“抓他的手,抓他的手!”
“他兜里有槍,快點兒掏出來!”
“這小子好像要咬衣領子!”
“快,堵住他的嘴,把衣領子撕下來!”
在眾人的一聲聲呼喊中,古賀淳也兜里的手槍、衣領上的毒藥被悉數搜出來。
盡管古賀淳也一再掙扎,但也無法單憑一己之力,抗衡數名訓練有素、年輕力壯的行動隊員。
很快,古賀淳也被徹底控制住,嘴巴也被布團塞住,他只能瞪大了驚恐的雙眼,嘴里嗚嗚嗚的發出毫無意義的聲響。
“吱呀!”
一陣急促的剎車時,只見三輛汽車迅速開了過來,然后立刻停在了林青鋒等人的旁邊。
“押上車!”
“快一點兒!”
眾人七手八腳的將古賀淳也推上車,然后伴隨著汽車的發動機轟鳴聲,迅速駛離了這里。
當汽車開走后,現場的人們才一個個回過神來,臉上都有些后怕的模樣,心想著這人是犯了多大的罪過,竟然大庭廣眾之下就被抓了。
“你說這人犯了啥錯呀?”
“不知道,沒準兒是欠了哪位大官兒的賭債吧!”
“胡說八道,誰家抓欠賭債的是這么大的陣仗,我估計像是抓逃兵的。”
“抓逃兵?”
“對呀,你沒看見剛才那些人從被抓的人身上搜出來手槍啊。”
“也是啊,保不齊還真是抓逃兵的!”
“看來這人死定了,逃兵的罪過我知道,抓住了就斃!”
眾人議論了一陣后,便四散離開,這件事也逐漸被人們所淡忘,畢竟現在的時日,誰身上都是一攤子爛事兒,自然沒心思去思考別人的事情。
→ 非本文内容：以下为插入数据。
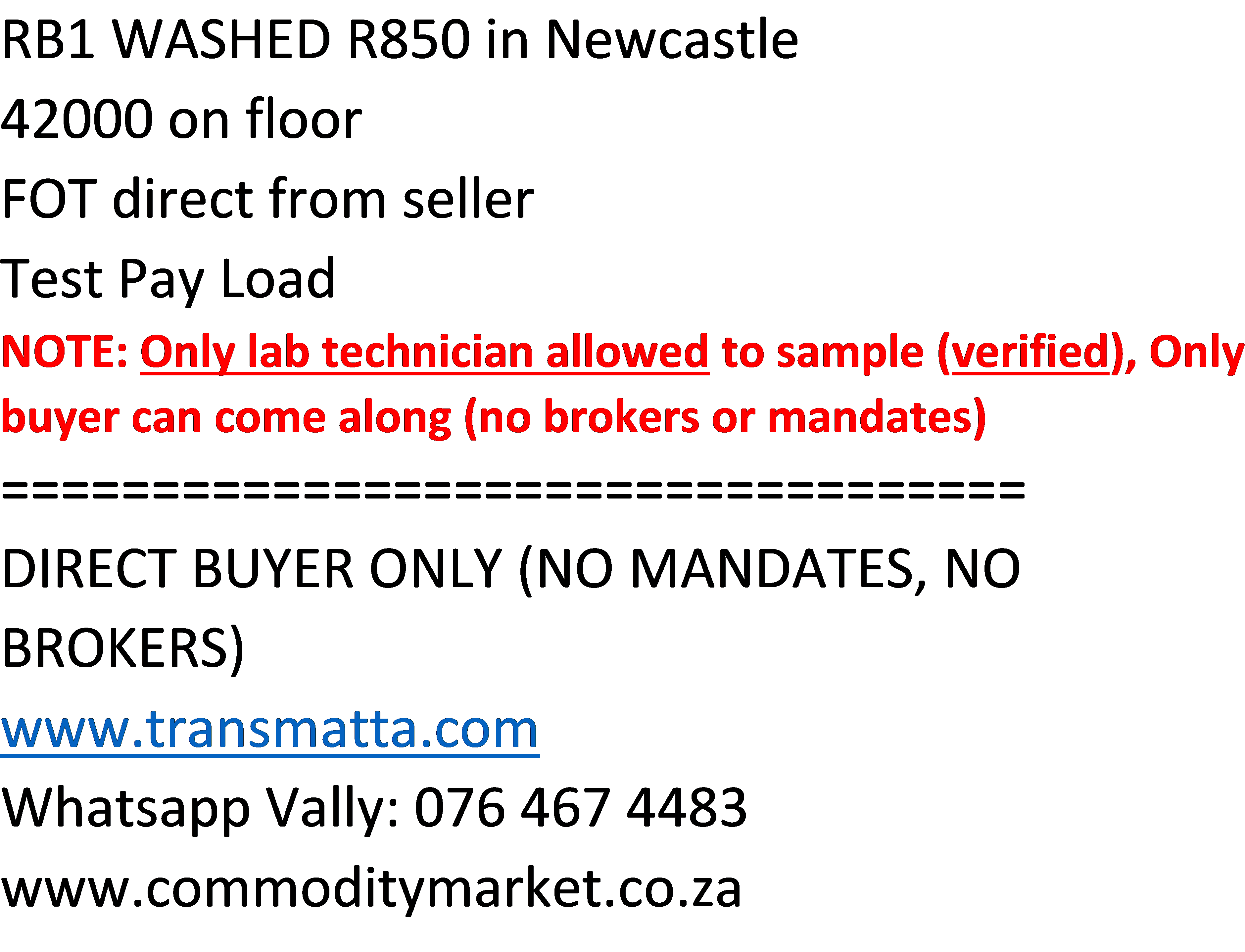 RB1 WASHED R850 in Newcastle 42000 on floor FOT direct from seller Test Pay Load NOTE: Only lab technician allowed to sample (verified), Only buyer can come along (no brokers or mandates) ================================== DIRECT BUYER ONLY (NO MANDATES, NO BROKERS) www.transmatta.com Whatsapp Vally: 076 467 4483 www.commoditymarket.co.za Vally: 076 467 44832023-08-21 12:15:13 |
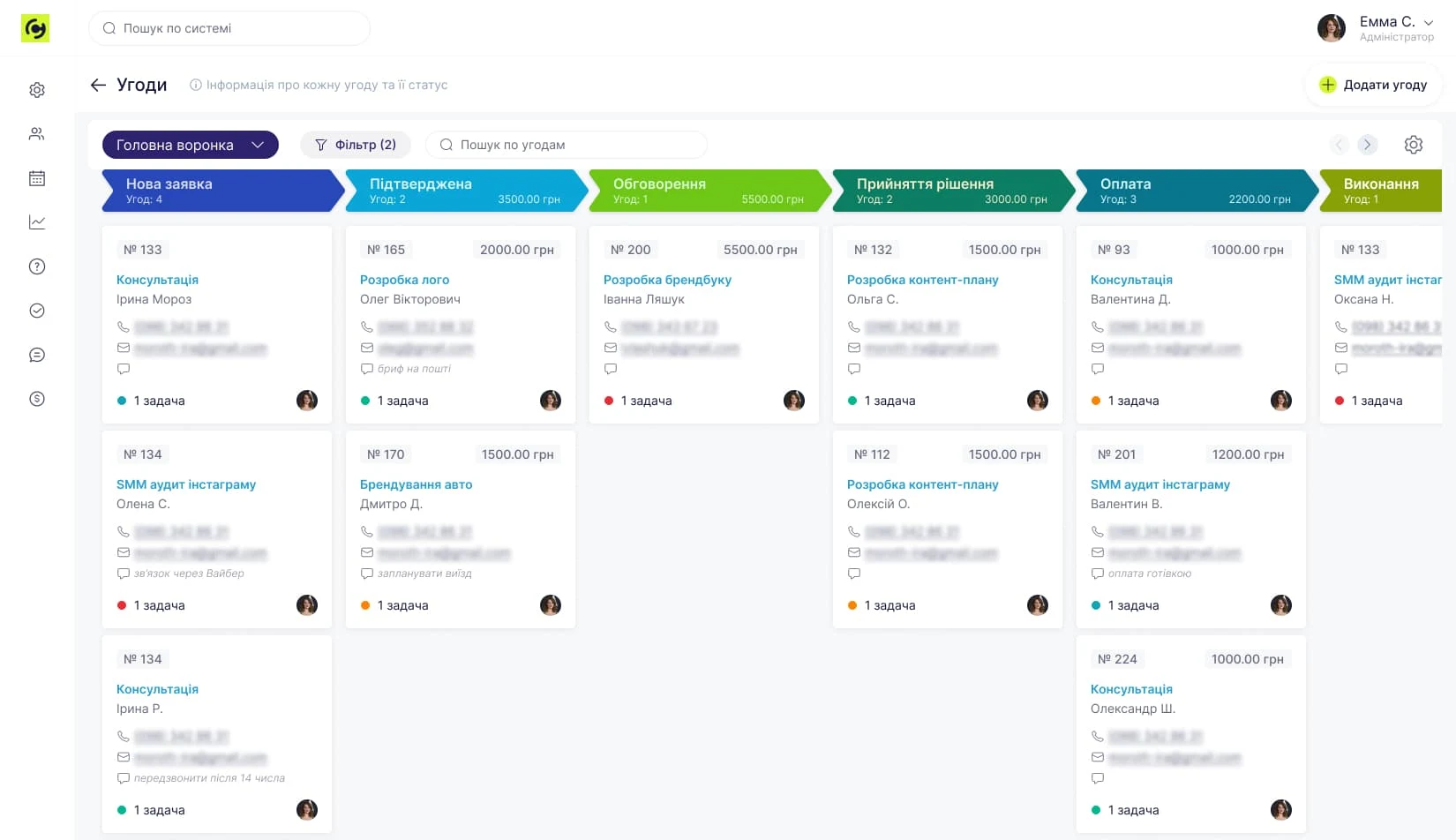 - Створення рахунків та актів, відстеження оплат по кожній угоді.

汽車一路疾行,最終開進了武漢站的院子里,緊接著,古賀淳也被押著進了審問室。
本來林青鋒這次還打算對古賀淳也進行審問,但是卻被韋忠恕給攔了下來:
“這次你做副審,我來做主審!”
“免得你又上了頭,再把這個古賀淳也拷打成重傷!”
聽到這話,林青鋒知道上次屬實把池村健打得有些慘,讓韋忠恕心里多多少少有些不太滿意,所以這次說什么也要參與進來。
林青鋒頓時有些不好意思的笑了笑,說道:“行,我正好兒也跟您學學怎么審問犯人!”
韋忠恕略帶嫌棄道:“你算了吧,江山易改、本性難移!”
“我哪怕就是專門給你開個培訓班,你學完了之后,該下重手還是下重手,該下死手你是一點兒都不猶豫!”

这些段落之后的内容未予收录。